Вернувшись в свои покои, она с нетерпением открыла ларчик серебряным ключиком, который также передал ей Карл – и как только она это сделала, из ларчика выпорхнула серая птичка и, поднявшись под потолок, запела свои песни – такие сладкие, что у всех, кто их слышал, слезы наворачивались на глаза.
- Что ж за диковинку подарил тебе твой принц? – спросил старый герцог. – Разве такие подарки делают благородным дамам воспитанные юноши? Живая певчая птица – эка невидаль! Мои птицеловы приносят таких десятками, а на базаре продают по талеру за штуку.
- Понять не могу, как он смог запереть такую ловкую птичку в такой маленький ларчик, - сверкая влажными от слез глазами, задумчиво сказала принцесса. – Откройте все окна, пусть она летит домой.
И птичка, звонко пропев им на прощанье, упорхнула. Неизвестно, скрывалась ли под этой личиной сама колдунья, или кто из её подручных, но точно можем сказать, что потом её видели на месте розового куста, который больше всех нравился принцессе, и та на следующее утро была сама не своя и все жаловалась на головную боль и снедающую её тоску.
…
Неясная печаль поселилась в сердце надменной красавицы, и чтобы избавиться от этого тяжкого чувства, она снова приказала своим приближенным сопровождать её на лесной прогулке – видимо, то скрытое чувство, в существование которого многие не верят, толкало её навстречу коварному обольстителю. Снова пал туман, и снова прислужники принцессы отстали, и снова она очутилась наедине с Карлом, который в этот раз показался ей еще прекраснее, чем при первой встрече – но на этот раз он приготовил другой подарок.
- Знаете, ведь я волшебник, - сказал он, и несчастная обмерла, - мне ведомы все ваши желания. Вот, сейчас я предъявлю вам то, что вам милее всего на свете, и что вы уже не чаяли увидеть, - и он с поклоном передал принцессе другой серебряный ларчик.

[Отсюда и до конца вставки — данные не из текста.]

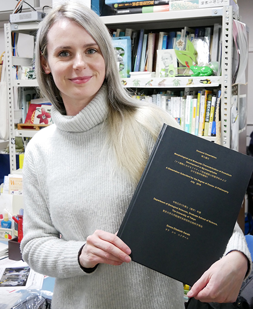 This photo shows Dr. Emma Sarath, who started her career in this laboratory firstly as a UTRIP student and then re-joined to this lab. as a graduate student. With Dr. Hoshino, who also got her Ph.D., we hope they will happily leverage their experience here.

Принцесса, дрожа от нетерпения, открыла его тем же ключиком – и вздрогнула, увидев внутри свежую, как будто только что срезанную розу со своего любимого розового куста. Принцесса могла бы поклясться, что цветок была только что срезан – если бы не знала, что прошлой зимой тот куст замерз так, что весной на нем не проклюнулся ни один бутон, и потому его спилили и пустили на хворост.
Выходит, Карл явил ей розу из её воспоминаний.

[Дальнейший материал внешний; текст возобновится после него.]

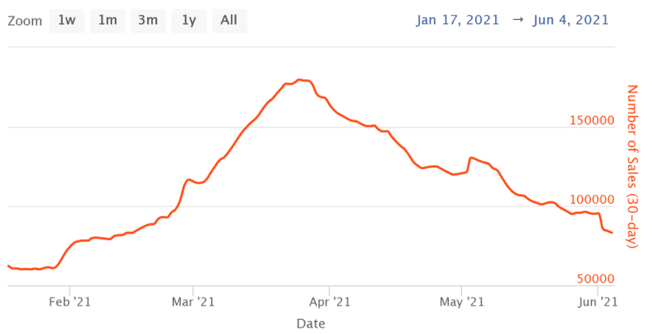 Aj keď súčasné štatistiky môžu vyzerať zle, je vidieť, že priemerný počet predajov vzrástol medzi januárom a koncom mája takmer o 300%. To ukazuje, že v tomto sektore existuje sila napriek prepadu trhu, ktorý sa začal 12. mája.

- Каким же образом вы… - и принцесса протянула белую ручку, чтобы коснуться цветка, но как только она сделала, тут же упала без чувств. Волшебный шип розы, о который она уколола палец, впрыснул ей в кровь яд и вверг её в состояние глубокого сна или, вернее, забытья.
Никто, кроме колдуньи, не знал о том, что принцессе предначертано было отравиться, уколовшись о шип розы. Никто больше не слышал об этом – кроме её родителей, которым это было объявлено еще при рождении девочки, но они, гордые и чванливые, решили, что беда не сможет их коснуться, и ничего не сказали не только воспитателям дочери, но и ей самой.

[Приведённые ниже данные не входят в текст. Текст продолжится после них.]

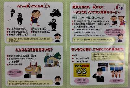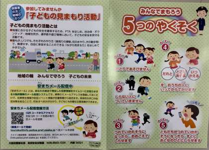 今日の児童の登校時には、大正警察署の見守りサポーターの方にも見守りをしていただきました。こちらのリーフレット「5つのやくそく」は、1年生には後日配布します。

И вот теперь она, ничего не знавшая, побежденная врагом, беспомощным кулем валялась у ног торжествующего Карла.
…
Прольем же слезу над судьбой бедной злой девушки! Как воин, поверженный мечом, сражена она злыми чарами, отдана на милость победителя, и ни одна живая душа ей не поможет.
- Точно ли она больше не проснется? – спросил Карл у ведьмы, которая, сбросив перья, появилась тут же.
- Не очнется, пока не будет снято заклятье, - успокоила его ведьма, - ну же, мой мальчик, месть сладка. Посмейся же над ней, как она посмеялась над тобой, соверши месть, о которой ты столько говорил.
И Карл охотно послушался злодейку, ибо кипел от злости, и прямо здесь, у дороги, оттащив бесчувственную принцессу на зеленую лужайку, сотворил над бедняжкой то, после чего она уже не могла бы именовать себя девицей.
- Что же теперь? – спросил он, совершив задуманное, и с некоторой жалостью глядя на свою жертву. Теперь уже он не был уверен, что она этого заслуживала.
- Теперь оставь её, а сам иди домой.
- Но ведь её найдут и растерзают дикие звери!
- Я позабочусь, чтобы этого не случилось, - обещала ведьма, и отправив Карла дальней дорогой, убедившись, что он скрылся из виду, принялась за принцессу.
Сначала злодейка хотела изуродовать её и в таком виде отправить в замок, на горе родителям, но потом передумала и наоборот, устранила тот беспорядок в её одежде и прическе, который невольно сотворил Карл, пока таскал её и катал по траве, умыла росой лицо – словом, сделала так, чтобы никто не смог догадаться об учиненном над девушкой насилии. Потом, мерзко посмеиваясь, полюбовалась на свою работу и растворилась в воздухе, и в тот же миг туман рассеялся, и свита принцессы увидела её, бездыханную, и бросилась приводить её в чувство.
…
Никому не удалось оживить бездыханную принцессу, и тогда со стоном и громким плачем, предчувствуя отчаяние и гнев герцога, слуги повезли её во дворец, накрыв плащом, как мертвую, хоть она и была жива. Герцог и герцогиня, узнав о случившемся, едва не умерли оба от удара – но спаслись, не иначе, стараниями той же ведьмы, желавшей преподать урок не одной, но всем сразу. Горькой печалью отравлены теперь были их дни, и метались они, и страдали, и разыскивали по всей Германии знаменитых врачей, чтобы те оживили их дочь – но и самые искусные из них ничего не могли сделать.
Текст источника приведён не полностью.